▸ **EXERCISE DIRECTIONS**
From the entries that follow, reproduce exactly and only the lines from the line with "С помощью зарегистрированного" to the line with "Chilpancingo, Guerrero, 9", endpoints included.

[Stored entries]
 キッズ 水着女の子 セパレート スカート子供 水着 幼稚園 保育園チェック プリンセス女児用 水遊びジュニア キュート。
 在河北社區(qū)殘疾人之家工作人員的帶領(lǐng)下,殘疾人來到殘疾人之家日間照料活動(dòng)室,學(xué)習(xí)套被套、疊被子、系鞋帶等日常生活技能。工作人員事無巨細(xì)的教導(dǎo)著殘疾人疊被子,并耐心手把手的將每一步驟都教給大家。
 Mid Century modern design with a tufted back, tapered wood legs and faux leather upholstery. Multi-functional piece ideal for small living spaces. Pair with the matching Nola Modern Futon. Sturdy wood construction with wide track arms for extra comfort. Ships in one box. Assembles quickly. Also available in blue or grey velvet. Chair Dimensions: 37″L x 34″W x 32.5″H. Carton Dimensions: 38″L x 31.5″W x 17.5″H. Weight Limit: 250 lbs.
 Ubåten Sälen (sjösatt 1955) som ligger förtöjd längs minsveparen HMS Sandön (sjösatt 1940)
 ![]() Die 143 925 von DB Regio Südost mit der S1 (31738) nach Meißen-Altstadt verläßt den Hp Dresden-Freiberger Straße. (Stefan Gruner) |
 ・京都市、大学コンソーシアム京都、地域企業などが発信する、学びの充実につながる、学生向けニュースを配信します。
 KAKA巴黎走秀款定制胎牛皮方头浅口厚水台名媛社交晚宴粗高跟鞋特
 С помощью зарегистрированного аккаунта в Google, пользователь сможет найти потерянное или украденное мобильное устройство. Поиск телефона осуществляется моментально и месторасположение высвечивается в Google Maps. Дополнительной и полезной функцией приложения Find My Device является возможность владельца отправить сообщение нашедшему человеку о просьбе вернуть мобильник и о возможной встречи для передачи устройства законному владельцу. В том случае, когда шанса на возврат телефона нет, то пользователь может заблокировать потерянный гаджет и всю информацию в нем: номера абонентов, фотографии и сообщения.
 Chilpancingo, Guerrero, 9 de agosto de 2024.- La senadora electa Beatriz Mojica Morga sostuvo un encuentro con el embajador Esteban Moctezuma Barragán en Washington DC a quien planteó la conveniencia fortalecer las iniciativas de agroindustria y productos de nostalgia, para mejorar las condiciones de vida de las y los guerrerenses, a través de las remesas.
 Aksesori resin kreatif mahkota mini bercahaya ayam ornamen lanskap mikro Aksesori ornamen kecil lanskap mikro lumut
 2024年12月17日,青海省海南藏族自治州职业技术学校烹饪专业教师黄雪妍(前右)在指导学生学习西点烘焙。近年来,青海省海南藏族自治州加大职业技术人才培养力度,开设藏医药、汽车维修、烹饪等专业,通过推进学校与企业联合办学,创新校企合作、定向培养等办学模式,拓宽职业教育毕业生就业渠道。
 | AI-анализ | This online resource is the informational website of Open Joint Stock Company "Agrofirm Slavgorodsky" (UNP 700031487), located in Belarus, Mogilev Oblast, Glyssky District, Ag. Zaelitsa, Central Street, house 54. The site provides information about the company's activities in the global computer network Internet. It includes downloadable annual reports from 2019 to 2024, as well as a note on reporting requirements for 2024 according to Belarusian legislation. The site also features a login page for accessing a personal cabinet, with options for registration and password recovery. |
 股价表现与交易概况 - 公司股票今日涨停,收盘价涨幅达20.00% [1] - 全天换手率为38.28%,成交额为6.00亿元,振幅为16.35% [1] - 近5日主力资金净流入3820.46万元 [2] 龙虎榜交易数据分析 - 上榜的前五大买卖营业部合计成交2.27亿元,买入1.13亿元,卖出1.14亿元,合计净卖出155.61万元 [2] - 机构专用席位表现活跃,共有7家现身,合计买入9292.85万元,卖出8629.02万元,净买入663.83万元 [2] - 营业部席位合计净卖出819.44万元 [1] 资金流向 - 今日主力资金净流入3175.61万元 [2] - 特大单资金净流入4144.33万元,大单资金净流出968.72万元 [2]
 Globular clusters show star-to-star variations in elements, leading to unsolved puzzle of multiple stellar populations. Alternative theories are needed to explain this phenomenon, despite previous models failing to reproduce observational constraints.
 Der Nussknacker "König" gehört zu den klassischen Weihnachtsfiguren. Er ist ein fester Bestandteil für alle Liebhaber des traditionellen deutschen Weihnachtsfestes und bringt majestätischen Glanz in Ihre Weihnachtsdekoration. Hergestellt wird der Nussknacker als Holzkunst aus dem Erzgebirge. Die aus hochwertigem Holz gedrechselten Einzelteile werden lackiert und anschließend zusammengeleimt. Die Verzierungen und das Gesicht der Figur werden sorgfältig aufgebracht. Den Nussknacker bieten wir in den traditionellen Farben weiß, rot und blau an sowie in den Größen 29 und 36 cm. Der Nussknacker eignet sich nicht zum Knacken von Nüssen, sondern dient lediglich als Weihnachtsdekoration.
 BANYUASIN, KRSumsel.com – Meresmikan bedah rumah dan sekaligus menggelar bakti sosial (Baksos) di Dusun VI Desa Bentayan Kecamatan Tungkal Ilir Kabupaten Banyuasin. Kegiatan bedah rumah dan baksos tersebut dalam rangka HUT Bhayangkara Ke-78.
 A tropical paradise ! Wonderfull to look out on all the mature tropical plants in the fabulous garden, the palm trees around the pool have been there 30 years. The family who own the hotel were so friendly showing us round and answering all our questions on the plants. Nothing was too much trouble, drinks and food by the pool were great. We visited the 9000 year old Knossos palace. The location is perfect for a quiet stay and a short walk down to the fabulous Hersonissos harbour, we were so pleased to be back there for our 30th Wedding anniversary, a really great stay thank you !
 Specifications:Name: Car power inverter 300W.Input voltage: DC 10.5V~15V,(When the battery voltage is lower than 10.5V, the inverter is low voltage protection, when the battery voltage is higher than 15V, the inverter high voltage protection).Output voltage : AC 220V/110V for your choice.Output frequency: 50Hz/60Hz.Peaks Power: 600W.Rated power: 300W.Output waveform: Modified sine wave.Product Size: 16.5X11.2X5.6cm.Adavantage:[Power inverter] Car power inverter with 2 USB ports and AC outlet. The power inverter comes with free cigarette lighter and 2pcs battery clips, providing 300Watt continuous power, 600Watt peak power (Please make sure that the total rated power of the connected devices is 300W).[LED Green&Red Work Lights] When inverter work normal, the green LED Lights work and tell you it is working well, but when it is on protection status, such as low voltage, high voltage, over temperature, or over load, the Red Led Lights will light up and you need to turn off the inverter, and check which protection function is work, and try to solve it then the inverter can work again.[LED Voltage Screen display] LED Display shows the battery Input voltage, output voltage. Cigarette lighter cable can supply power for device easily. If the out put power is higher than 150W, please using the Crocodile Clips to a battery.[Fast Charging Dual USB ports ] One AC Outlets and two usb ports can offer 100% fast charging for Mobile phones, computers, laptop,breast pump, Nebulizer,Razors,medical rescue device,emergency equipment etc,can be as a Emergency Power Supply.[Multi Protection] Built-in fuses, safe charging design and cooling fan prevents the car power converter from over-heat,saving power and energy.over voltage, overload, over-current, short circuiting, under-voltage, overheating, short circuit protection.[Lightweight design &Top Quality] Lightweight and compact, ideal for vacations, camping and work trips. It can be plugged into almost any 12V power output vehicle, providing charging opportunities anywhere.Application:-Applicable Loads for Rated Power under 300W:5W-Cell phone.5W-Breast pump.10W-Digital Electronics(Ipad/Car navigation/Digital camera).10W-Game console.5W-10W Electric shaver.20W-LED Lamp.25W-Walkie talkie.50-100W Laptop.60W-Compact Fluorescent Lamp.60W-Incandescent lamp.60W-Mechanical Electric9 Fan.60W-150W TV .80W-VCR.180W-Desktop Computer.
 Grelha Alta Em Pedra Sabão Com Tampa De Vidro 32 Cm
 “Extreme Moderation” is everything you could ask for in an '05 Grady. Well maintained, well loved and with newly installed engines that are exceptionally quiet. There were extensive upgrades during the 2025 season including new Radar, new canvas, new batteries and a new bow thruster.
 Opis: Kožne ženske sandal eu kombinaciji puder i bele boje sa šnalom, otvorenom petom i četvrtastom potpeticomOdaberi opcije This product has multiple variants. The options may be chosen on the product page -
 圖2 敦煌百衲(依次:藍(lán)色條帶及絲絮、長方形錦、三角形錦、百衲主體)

▸ **WRITTEN RESPONSE**
 С помощью зарегистрированного аккаунта в Google, пользователь сможет найти потерянное или украденное мобильное устройство. Поиск телефона осуществляется моментально и месторасположение высвечивается в Google Maps. Дополнительной и полезной функцией приложения Find My Device является возможность владельца отправить сообщение нашедшему человеку о просьбе вернуть мобильник и о возможной встречи для передачи устройства законному владельцу. В том случае, когда шанса на возврат телефона нет, то пользователь может заблокировать потерянный гаджет и всю информацию в нем: номера абонентов, фотографии и сообщения.
 Chilpancingo, Guerrero, 9 de agosto de 2024.- La senadora electa Beatriz Mojica Morga sostuvo un encuentro con el embajador Esteban Moctezuma Barragán en Washington DC a quien planteó la conveniencia fortalecer las iniciativas de agroindustria y productos de nostalgia, para mejorar las condiciones de vida de las y los guerrerenses, a través de las remesas.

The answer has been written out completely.